– Здорово, Ермило Матвеич! – крикнул Самоквасов, поровнявшись с Сурминым.
– Ваше степенство!.. Петр Степаныч!.. Какими судьбами опять в наши палестины? – ласково, радостно даже отозвался ему Ермило Матвеич.
– Делишки тогда не совсем с матерями покончил, – сказал Самоквасов. – Доделать заехал.

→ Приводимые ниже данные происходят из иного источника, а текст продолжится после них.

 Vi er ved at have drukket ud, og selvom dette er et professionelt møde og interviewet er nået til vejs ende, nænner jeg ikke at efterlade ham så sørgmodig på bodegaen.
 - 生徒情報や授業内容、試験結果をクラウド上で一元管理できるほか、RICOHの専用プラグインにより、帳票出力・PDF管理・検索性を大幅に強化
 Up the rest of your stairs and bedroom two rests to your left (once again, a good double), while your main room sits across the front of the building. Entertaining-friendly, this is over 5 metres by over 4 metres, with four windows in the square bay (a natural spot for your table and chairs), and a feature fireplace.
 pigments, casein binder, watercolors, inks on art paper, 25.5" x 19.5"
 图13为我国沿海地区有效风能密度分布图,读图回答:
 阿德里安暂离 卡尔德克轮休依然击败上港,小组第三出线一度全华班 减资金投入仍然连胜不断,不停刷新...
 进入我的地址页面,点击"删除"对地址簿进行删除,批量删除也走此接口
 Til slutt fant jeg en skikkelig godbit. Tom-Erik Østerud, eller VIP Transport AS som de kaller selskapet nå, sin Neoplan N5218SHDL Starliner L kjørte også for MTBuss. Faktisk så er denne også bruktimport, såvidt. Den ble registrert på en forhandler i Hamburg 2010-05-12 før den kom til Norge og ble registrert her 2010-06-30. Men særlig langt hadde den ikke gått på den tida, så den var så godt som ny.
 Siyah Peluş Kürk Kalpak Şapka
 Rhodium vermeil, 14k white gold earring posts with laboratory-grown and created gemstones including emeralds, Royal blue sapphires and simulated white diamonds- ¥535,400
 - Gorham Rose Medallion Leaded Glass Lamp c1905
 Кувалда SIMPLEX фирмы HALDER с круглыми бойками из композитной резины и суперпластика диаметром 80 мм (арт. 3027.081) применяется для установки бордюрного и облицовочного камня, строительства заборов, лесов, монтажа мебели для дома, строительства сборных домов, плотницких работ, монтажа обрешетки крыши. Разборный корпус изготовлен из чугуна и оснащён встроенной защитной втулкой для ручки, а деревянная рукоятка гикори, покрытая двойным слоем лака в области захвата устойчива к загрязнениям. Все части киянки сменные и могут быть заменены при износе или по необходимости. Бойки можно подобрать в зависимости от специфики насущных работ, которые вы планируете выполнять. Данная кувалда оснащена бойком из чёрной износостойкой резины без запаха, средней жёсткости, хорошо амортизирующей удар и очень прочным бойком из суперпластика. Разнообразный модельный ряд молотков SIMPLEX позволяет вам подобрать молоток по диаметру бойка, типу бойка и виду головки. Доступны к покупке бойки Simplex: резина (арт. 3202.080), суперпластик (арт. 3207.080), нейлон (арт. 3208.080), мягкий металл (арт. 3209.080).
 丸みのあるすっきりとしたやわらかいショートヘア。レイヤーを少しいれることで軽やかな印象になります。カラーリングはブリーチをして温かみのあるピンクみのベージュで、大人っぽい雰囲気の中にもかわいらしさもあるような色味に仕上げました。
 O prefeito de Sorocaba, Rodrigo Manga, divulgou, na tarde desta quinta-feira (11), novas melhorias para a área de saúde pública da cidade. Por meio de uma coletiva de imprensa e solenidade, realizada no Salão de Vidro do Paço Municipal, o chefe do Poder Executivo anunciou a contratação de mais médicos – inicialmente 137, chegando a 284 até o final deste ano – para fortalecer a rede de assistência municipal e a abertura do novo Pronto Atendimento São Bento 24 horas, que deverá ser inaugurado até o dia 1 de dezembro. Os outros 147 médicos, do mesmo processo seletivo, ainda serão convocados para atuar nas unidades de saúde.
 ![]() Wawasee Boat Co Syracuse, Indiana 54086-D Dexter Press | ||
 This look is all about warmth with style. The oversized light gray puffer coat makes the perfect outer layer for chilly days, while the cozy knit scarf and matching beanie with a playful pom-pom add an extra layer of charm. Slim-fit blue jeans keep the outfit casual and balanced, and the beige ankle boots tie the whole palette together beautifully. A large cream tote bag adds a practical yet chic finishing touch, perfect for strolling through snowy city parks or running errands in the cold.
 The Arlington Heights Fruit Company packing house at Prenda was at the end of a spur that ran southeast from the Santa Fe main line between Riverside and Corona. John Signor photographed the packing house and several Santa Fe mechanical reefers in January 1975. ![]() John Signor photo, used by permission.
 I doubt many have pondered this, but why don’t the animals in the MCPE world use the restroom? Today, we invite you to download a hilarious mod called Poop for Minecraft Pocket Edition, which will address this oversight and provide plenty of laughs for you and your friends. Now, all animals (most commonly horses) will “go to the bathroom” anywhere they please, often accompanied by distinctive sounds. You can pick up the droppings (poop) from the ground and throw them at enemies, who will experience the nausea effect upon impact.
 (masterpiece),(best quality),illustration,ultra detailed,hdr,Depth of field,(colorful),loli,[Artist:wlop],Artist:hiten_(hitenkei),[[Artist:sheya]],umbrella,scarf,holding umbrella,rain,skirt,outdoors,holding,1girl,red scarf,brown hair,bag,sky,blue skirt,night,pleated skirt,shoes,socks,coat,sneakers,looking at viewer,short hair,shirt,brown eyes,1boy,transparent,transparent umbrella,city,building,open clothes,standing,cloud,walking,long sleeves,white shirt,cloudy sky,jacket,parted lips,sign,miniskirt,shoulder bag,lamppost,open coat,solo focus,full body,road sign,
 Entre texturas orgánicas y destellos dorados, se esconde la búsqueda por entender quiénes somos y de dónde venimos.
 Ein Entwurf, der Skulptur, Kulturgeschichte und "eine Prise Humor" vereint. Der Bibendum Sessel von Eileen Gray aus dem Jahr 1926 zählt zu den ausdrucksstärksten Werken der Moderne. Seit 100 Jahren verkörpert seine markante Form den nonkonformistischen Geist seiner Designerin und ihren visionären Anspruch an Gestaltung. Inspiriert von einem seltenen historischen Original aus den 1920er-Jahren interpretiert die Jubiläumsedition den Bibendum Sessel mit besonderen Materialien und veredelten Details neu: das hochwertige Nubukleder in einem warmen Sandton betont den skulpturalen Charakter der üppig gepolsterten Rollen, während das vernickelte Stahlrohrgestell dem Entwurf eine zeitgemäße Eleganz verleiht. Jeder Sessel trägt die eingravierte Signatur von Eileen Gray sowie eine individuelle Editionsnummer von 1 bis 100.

– Доброе дело, – молвил Сурмин. – Всяко дело концом красно. Дело без конца – что кобыла без хвоста… К кому из матерей-то?
– Да я, признаться, не к ним нынешний раз думал взъехать, – сказал Самоквасов. – Генерала они ждут, что едет скиты поверять. Ежель застанет он меня в которой обители, и сам в беду попадешь, и на матерей наведешь лишнюю обиду…
– Верно, – согласился Сурмин и, положив тесло на дно опрокинутой кадки, примолвил: – К нам милости просим, место найдется, ежели не побрезгуете.
– О том просить хотел тебя, Ермило Матвеич, – сделай милость, пусти не на долгое время, – сказал Петр Степаныч.
– Милости просим, милости просим! Хоть всю осень гости, хоть зимы прихвати – будем радехоньки, – говорил Сурмин вылезавшему из тележки Самоквасову. – Андрей, – обратился он к старшему сыну, – вели своей хозяйке светелку для гостя прибрать, а Наталье молви, самовар бы ставила да чай в мастерской собрала бы. Милости просим, Петр Степаныч, пожалуйте, ваше степенство, а ты, Сережа, тащи в светелку чемодан, – приказывал другому сыну Ермило Матвеич.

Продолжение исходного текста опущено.